House bands for country dance parties include Knute Bell and the Blue Collars, who grace the stage frequently. Other local bands that have rocked the Little Red Hen include the Buckaroo Blues Band (who play as much country and alt-country as they do blues). The Rolling Blackouts, whose classic-style country music is, as all good country music is, a solid tribute to rural life.
There’s also country music karaoke every Wednesday night at 9 p.m., and a full menu to accommodate you through breakfast, lunch, and dinner. Pull tabs are at the bar, drink specials on Wednesdays.







May 13th, 2008 at 9:31 am
Thanks for covering the Hen- I’ve been going there for years and agree it’s one of the best venues in the city. Definitely the most authentic too. Love your magazine and all the stuff you cover. The new site is awesome too! Congratulations and keep up the good work.

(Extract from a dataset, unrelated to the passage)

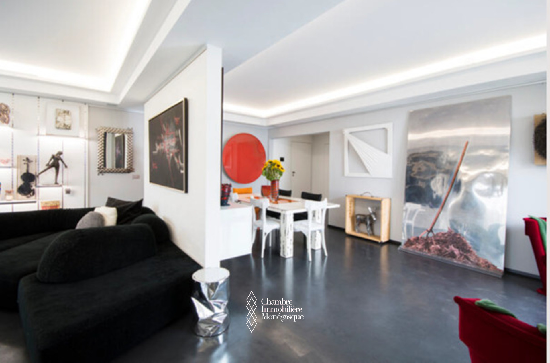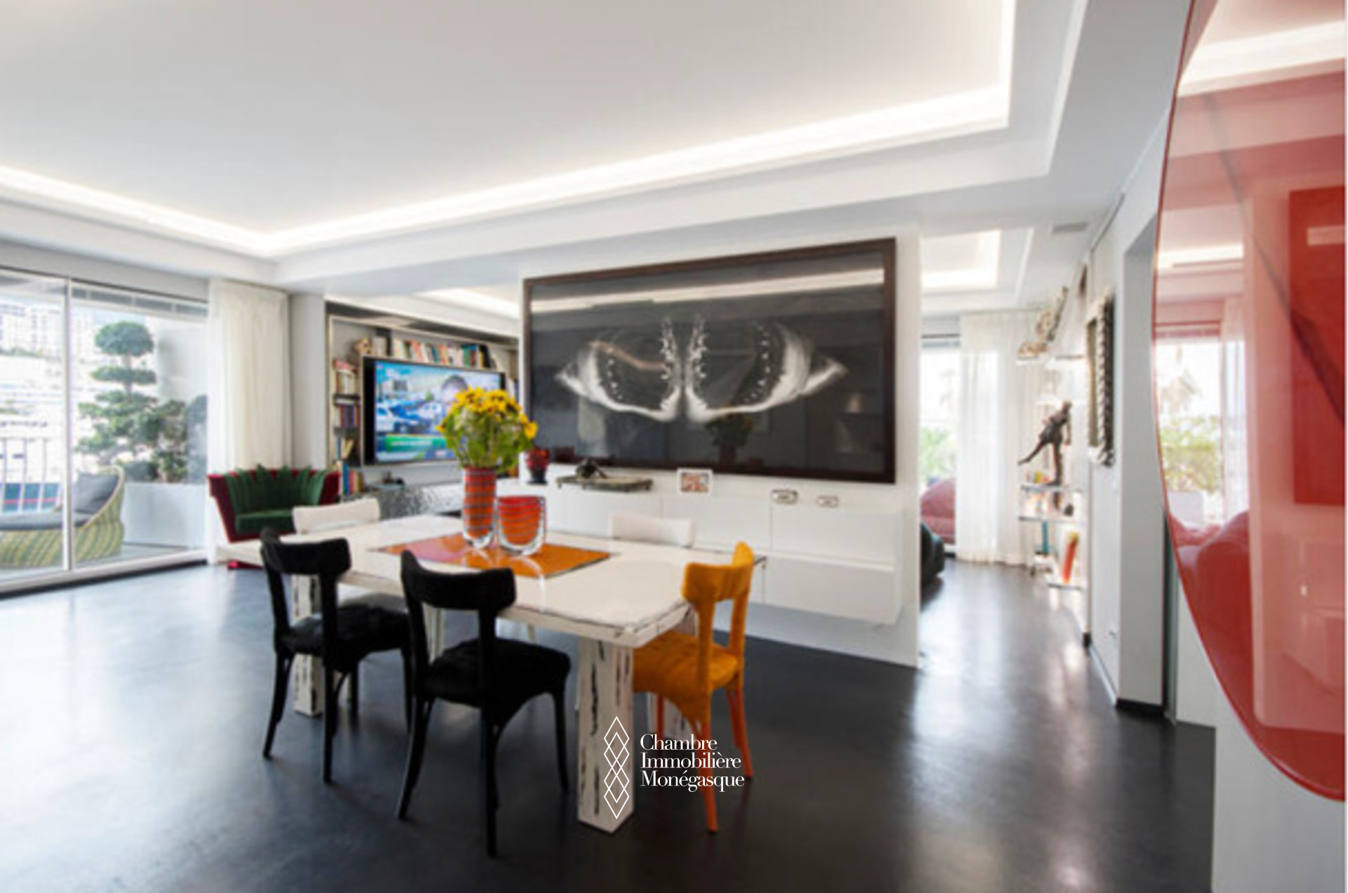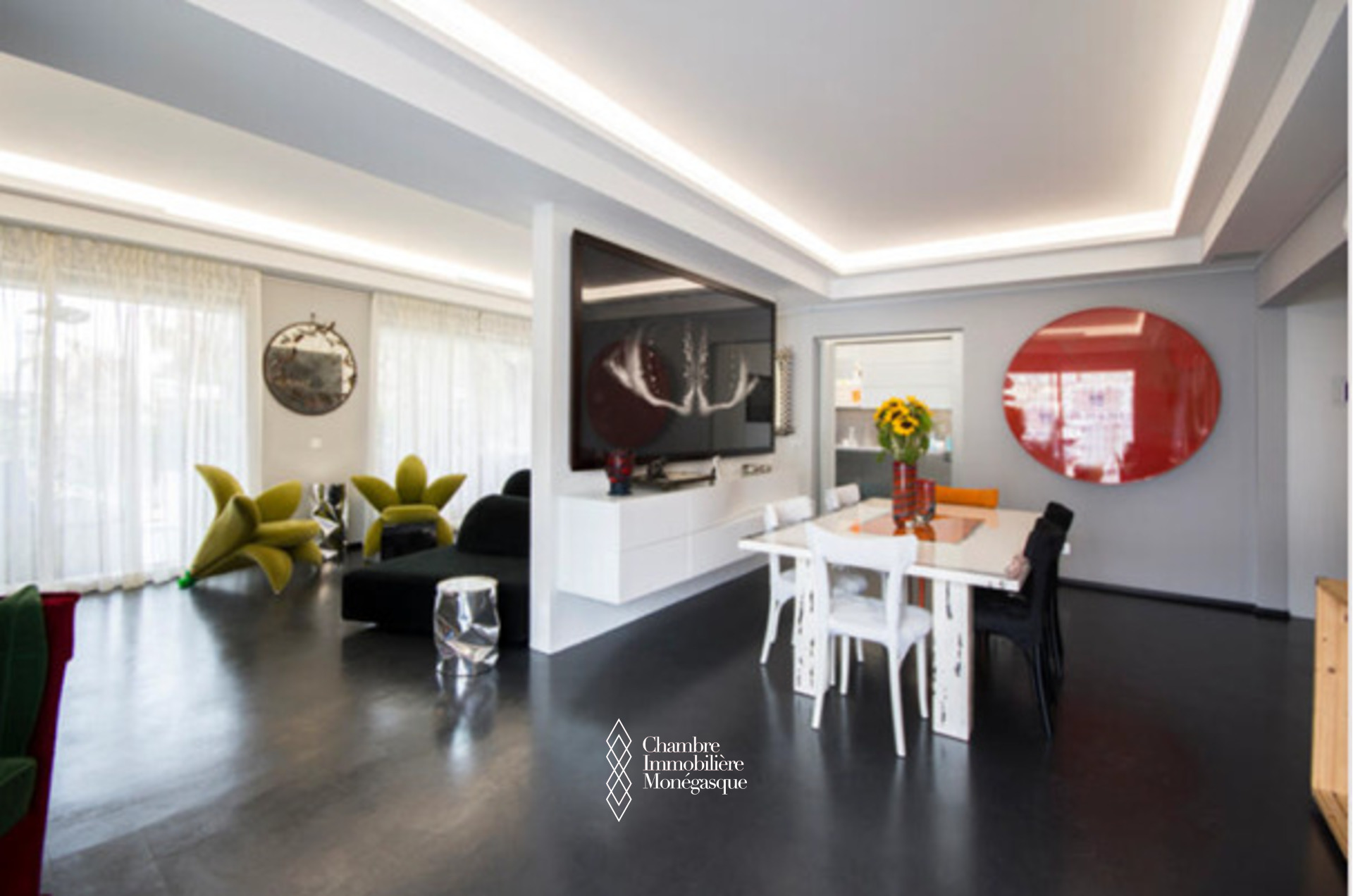 L'appartamento di 4 locali è formato dall'unione di due unità. È stato recentemente oggetto di ampi lavori di ristrutturazione. L'arredamento in stile contemporaneo include tutti gli infissi su misura realizzati da artigiani italiani, sistema di allarme e telecamere, riscaldamento ed aria condizionata autonomi, riscaldamento esterno che consente di godere della terrazza tutto l'anno, impianto stereo Sonos. Distribuzione: ingresso con guardaroba, soggiorno, sala da pranzo, cucina, ripostiglio, bagno per gli ospiti, balcone con vista su Fort Antoine, balcone con vista su Port Hercule e sulla città, 3 camere da letto, 3 bagni, cabina armadio, numerosi armadi a muro. Cantina e box auto inclusi.
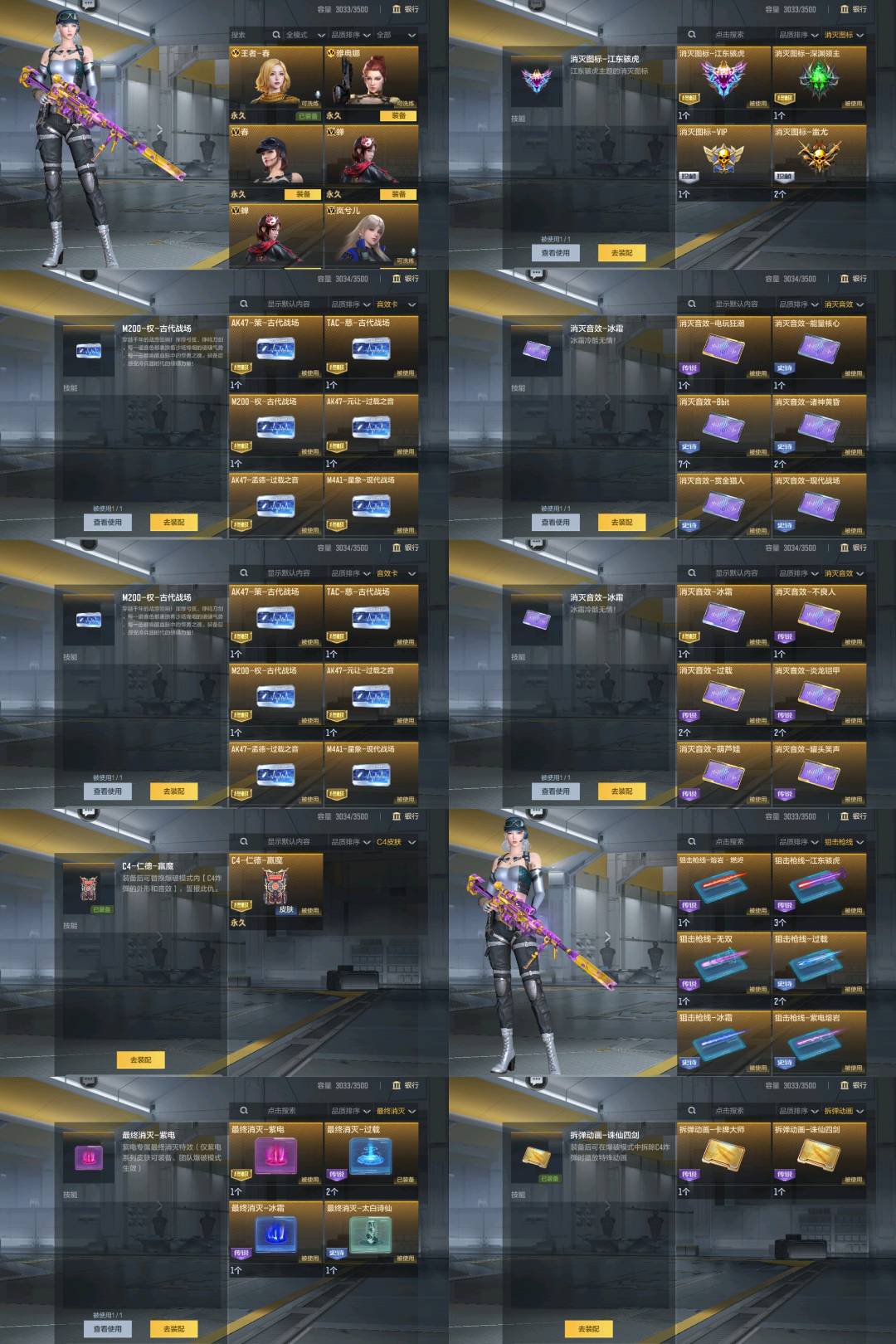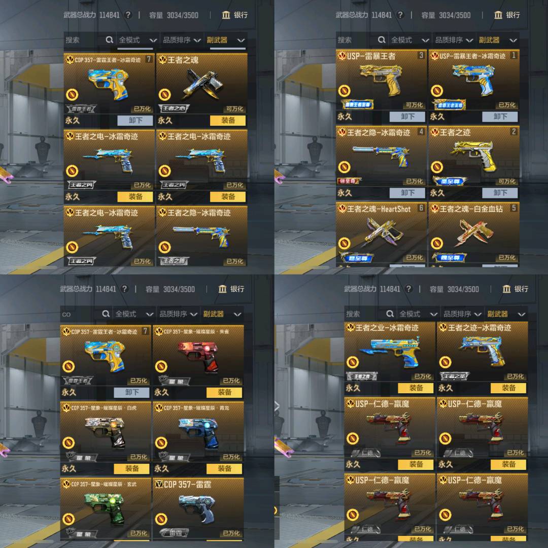 GLOCK18-本初,武器-双持尼泊尔。变色龙,武器-双持斯奉尔-天使*2,武器-双持沙鹰-元让,武嚣-双持沙鹰-变色龙,武器-双管猫枪 -未来战士,武器。双管猎枪。极光盾,武器。唐刀。华夏传说,武器。唐刀。大唐荣耀,武器-晴矢,武器。地狱烈樱二觉,武器-地狱烈炎,武器-墨刃。幻神,武器-太白诗仙扇,武器-女皇利刃-铁胆虎钱*3,武器。碎魂刀,武器。寒霜烈龙*2。武器-尼泊尔。冰觉醒,武器。尼泊不象*3,武器-尼泊尔-机械纪元*2,武器-尼泊尔-雷霆*2,武器-武器-左轮。卧龙觉醒,武器。左轮。竟界荣光,武器-左轮。黑武士,武器左轮-黑武士觉醒,武器。巨龙的哮叫,武器-巴雷特-冬灭觉醒,武器-巴

May 13th, 2008 at 11:46 am
Do not be deceived by the name Buckaroo Blues, they are a solid country band and NOT a blues band. A little rock now and again but not the blues as mentioned above. So definitely come two step, waltz and swing dance to the Bucks tunes.
May 13th, 2008 at 2:03 pm
The blues comment came from the band’s website, where they describe themselves as a “mixture of new and classic country, rock, blues and the occasional surprise song (cow-funk, anyone?).”